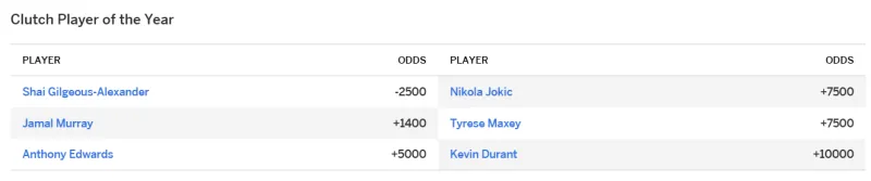 虎扑04月09日讯 今日ESPN官方更新了本赛季的年度关键球员赔率榜单,雷霆球员谢伊-吉尔杰斯-亚历山大以-2500位居榜首,掘金球员贾马尔-默里以+1400位居次席。
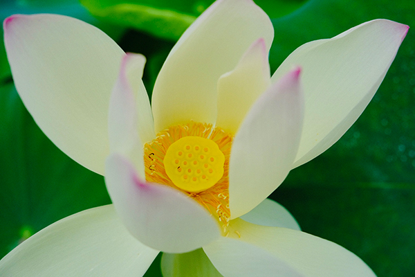綻放的荷花,粉白的花瓣一瓣一瓣向外舒展,花蕊仰著嫩黃的小臉,含笑地向你看來(lái)。
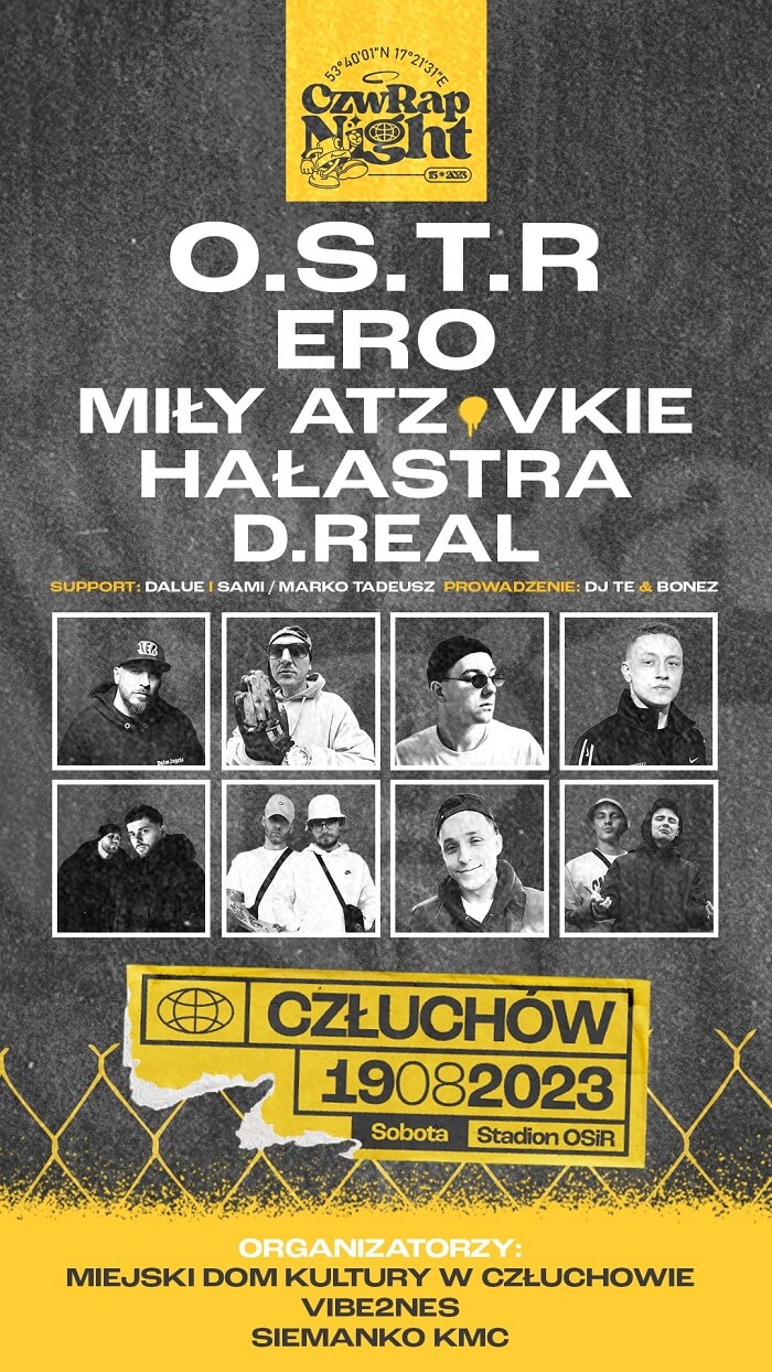 Po pierwszych ogłoszonych artystach na CZW RAP NIGHT 2023 przyszła kolej na kolejnych. Do tegorocznego składu dołączają, m.in. legendarny raper O.S.T.R., wszechstronny Miły ATZ oraz jako support Dalue i duet Sami/Marko Tadeusz. Zapowiedziano również jam deskorolkowy, na który możecie zapisać się również i Wy!
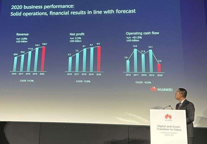 Wilson Wang, CEO di Huawei Italia, ha aperto l’appuntamento romano dell’evento continentale Eco-Connect Europe 2021, evento di punta per le smart technologies, le applicazioni nelle industrie e nella quotidianità e le tecnologie per l’impiego di fonti di energia rinnovabile. L’accento è andato subito ai conti del gruppo su scala globale in termini di fatturato e profitti, senza badare alle spese sul cash flow. Delle tre divisioni del colosso cinese quella Enterprise, protagonista dell’appuntamento italiano, ha assicurato maggiori soddisfazioni, con una crescita del 23% rispetto allo scorso anno a 15.4 miliardi di fatturato (e nonostante il bando statunitense perfino la Consumer è cresciuta del 3,3%, da 72 a 74 miliardi di dollari). Stabile, invece, la divisione Carrier.

****

**What is expected:**
Using the data above, return the lines from the one holding "綻放的荷花,粉白的花瓣一瓣一" through the one holding "Po pierwszych ogłoszonych" exactly, but not the pictures.

**Answer for the task:**
綻放的荷花,粉白的花瓣一瓣一瓣向外舒展,花蕊仰著嫩黃的小臉,含笑地向你看來(lái)。
 Po pierwszych ogłoszonych artystach na CZW RAP NIGHT 2023 przyszła kolej na kolejnych. Do tegorocznego składu dołączają, m.in. legendarny raper O.S.T.R., wszechstronny Miły ATZ oraz jako support Dalue i duet Sami/Marko Tadeusz. Zapowiedziano również jam deskorolkowy, na który możecie zapisać się również i Wy!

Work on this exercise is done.